(EXCERPTED DATA)
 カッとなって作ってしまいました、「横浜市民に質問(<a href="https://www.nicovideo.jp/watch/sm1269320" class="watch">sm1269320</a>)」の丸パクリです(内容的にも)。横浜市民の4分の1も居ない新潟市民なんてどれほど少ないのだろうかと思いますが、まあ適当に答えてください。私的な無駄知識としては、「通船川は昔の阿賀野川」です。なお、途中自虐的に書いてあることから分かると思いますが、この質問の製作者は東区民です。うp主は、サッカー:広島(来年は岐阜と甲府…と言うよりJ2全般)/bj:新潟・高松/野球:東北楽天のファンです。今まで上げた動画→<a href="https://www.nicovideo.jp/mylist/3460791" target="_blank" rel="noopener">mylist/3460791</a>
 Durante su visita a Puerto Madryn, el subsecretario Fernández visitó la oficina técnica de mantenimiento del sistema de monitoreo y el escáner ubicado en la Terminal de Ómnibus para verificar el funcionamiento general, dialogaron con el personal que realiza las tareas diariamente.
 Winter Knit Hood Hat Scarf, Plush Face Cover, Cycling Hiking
(End EXCERPTED DATA)
(EXCERPTED DATA)
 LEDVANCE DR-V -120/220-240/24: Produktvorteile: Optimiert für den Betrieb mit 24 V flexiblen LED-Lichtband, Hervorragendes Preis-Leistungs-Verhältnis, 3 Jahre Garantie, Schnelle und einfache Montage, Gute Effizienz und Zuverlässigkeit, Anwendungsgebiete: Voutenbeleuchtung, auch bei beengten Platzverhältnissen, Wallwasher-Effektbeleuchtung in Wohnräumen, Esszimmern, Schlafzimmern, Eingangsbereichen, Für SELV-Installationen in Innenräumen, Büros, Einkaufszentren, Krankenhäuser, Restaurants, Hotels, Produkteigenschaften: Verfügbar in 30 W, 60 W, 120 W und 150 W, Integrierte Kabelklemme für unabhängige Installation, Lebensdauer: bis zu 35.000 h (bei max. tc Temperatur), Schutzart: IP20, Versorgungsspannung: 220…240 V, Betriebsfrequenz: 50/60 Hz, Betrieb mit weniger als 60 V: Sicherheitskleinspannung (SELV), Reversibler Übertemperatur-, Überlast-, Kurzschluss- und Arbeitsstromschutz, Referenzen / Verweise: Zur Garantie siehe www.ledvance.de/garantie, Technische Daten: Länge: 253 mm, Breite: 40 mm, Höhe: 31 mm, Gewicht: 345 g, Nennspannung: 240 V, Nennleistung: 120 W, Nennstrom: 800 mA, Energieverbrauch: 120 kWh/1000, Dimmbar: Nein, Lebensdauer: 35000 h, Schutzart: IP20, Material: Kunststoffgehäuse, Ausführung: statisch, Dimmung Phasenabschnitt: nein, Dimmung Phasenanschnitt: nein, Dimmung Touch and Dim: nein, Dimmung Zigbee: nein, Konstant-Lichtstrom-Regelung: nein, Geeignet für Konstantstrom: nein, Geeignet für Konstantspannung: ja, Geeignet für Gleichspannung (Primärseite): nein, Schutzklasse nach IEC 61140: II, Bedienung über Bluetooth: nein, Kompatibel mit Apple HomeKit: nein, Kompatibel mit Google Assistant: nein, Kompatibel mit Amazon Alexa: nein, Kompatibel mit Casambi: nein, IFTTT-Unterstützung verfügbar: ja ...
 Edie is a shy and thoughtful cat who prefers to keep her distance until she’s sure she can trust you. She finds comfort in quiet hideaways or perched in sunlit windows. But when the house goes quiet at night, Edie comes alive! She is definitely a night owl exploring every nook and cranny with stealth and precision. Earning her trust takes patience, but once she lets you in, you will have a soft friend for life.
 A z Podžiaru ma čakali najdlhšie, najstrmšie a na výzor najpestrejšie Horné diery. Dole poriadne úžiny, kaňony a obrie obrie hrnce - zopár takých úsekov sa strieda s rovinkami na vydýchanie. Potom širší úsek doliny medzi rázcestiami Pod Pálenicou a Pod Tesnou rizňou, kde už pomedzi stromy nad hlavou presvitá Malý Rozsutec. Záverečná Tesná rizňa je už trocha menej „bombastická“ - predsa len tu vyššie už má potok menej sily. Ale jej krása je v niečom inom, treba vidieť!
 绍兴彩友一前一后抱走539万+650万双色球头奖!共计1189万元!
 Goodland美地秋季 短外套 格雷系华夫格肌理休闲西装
(End EXCERPTED DATA)
## EXERCISE GOAL
The stretch of entries above that starts with the line containing "绍兴彩友一前一后抱走539万+650万双色球头奖!共计1189万元!" and goes on through the line containing "Goodland美地秋季 短外套 格雷系华夫格肌理休闲西装" is to be transcribed exactly, and no other line is to be transcribed.

## OUTPUT FOR THIS EXERCISE
 绍兴彩友一前一后抱走539万+650万双色球头奖!共计1189万元!
 Goodland美地秋季 短外套 格雷系华夫格肌理休闲西装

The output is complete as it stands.